OP was not telling anyone off. If people are allowed to make 50 threads about the same complaints, I think one person is allowed to say "Hey, maybe this is why it's like this, and maybe realize that things are headed in a different direction". I don't think it's fair to reprimand one side, when the other side of the spectrum is allowed to be as vocal as they want.


----------



## kemdi (Jan 11, 2021)

I think you're missing the point of the complaints though. Features were cut between all games in the series. For instance from CF to NL we lost things like the city, characters like Serena and Frillard, the auction house where you could sell things over wifi without town visiting, and being able to resize you nook store at will. Almost no one complained about these features missing in NL because NL added defining features of its own, so that these features werent missed and are exclusive to CF. Its a given for most players that the games wont be exactly alike and that some features will be removed. 

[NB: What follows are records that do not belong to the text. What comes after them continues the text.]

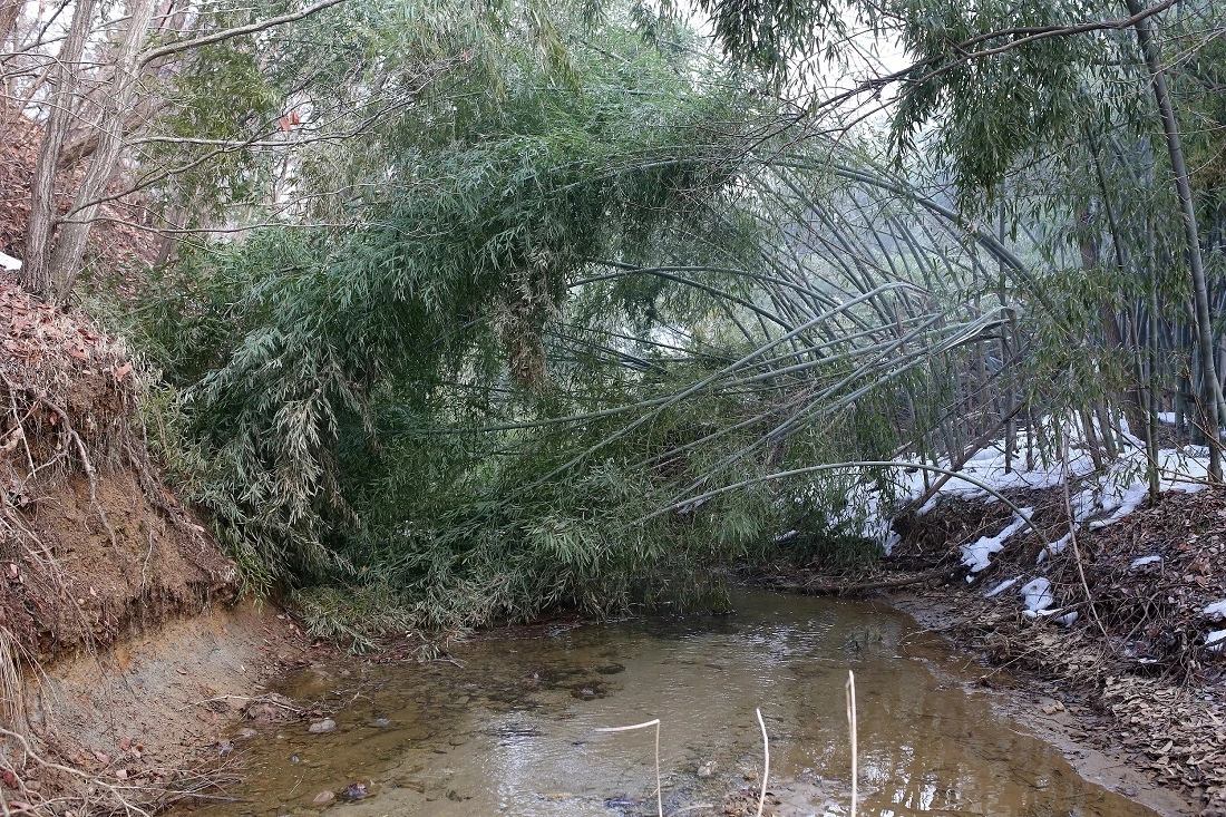 내렸던 눈은 대부분 녹아버렸지만, 계곡 입구에 서있던 대나무가 엄청난 눈의 무게를 못 이기고 그대로 쓰러진 채 그 엄청난 폭설의 위력을 말없이 보여주고 있었습니다.
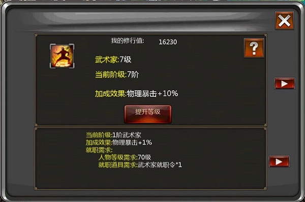已满足副职业等级提升条件的侠士,可在界面中选定已就职的副职业,随后点击“提升等级”按钮完成操作,副职业每次升级均会消耗相应数量的修行值。
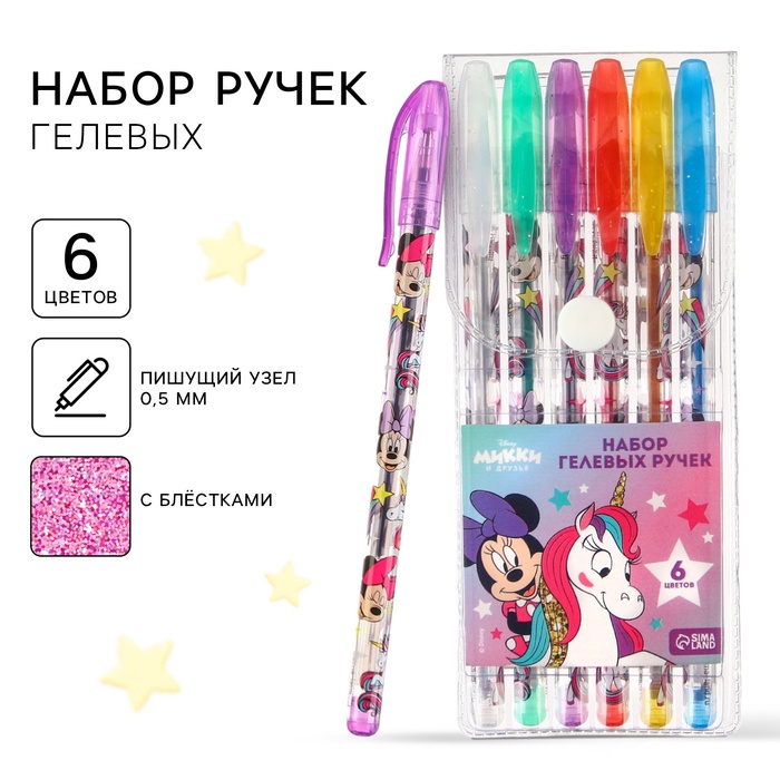 Набор гелевых ручек с блёстками, 6 цветов, Единорог, Минни Маус
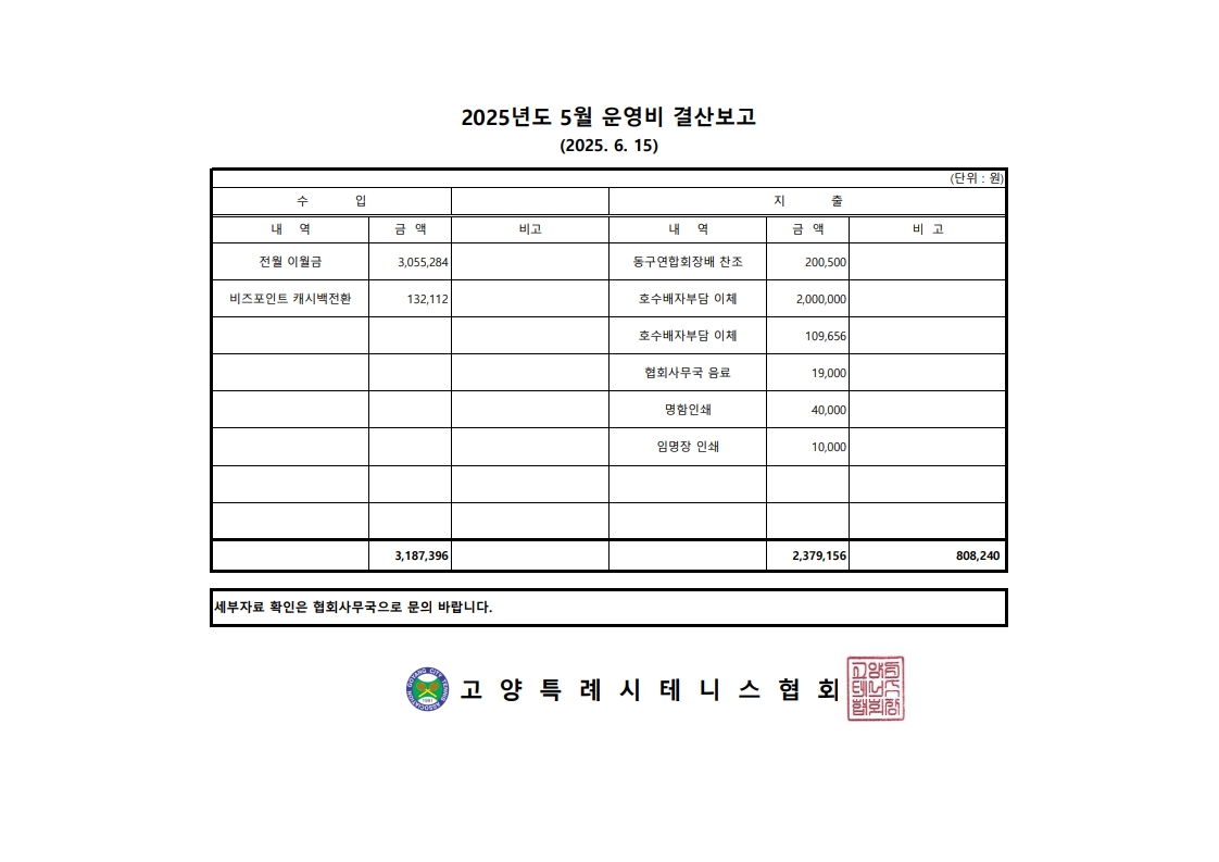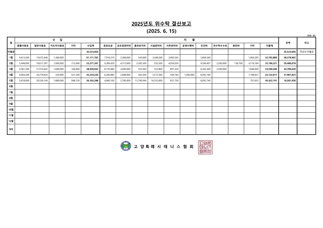 [공지] 2025년 (1~5월) 위수탁관리와 운영비 사용내역 공지

The problem most people have with NH is not that the features and npcs of the previous games are missing, but that they were mostly gutted and replaced with...nothing. We have terraforming, and placing items outside, as defining NH features, but thats about it. There have been some QoL improvements over NL like expanded player customizations, not having villagers move out randomly, and being able to place their homes so that they're not a nuisance, but thus far defining features in NH either come from NL or is a watered down version of what we got in NL(Tortimer island  vs Nook island for instance). So yeah, people will be vocal. That doesn't mean thah NH is a bad game, I mean speaking  personally I wouldn't have willingly put over 1.3k hours into this game if I thought was crappy. But from my point of view the complaints are legit.


----------



## Monokuma73 (Jan 11, 2021)

I'd like to add something else to this discussion...

Since New Year Eve, I decided to play every single day both games, NL and NH. Never had and intention to hate any of those, but still I had / have expectations, and comparing is natural for me.
If we are trying to "bend reality" and telling lies, it's a different story, but if we are presenting facts - what is a problem?

Like someone above mentioned, there are really GOOD things NH brought for us, like terraforming, placing items outside, bigger screen (handheld mode), HDMI output etc. but some things haven't been added (yet?) or just been dumped.
We may call "high hopes", dreams, expectations - but is still something natural, normal - we would like to have a best possible final product. I'm with Nintendo so many years, and still have old "The Legend of Zelda: Link's Awakening" - and with such a nostalgia sometimes I'm playing this game on my old GBC. When I bought remake of this game for Switch - I started comparing... anyone got hurt? Don't think so.

As mentioned above... now, I'm playing every single day NL and NH and comparing is fun, finding differences in both my "worlds" is refreshing. I don't need to, don't have to throw away any of my AC games, because I own a new one.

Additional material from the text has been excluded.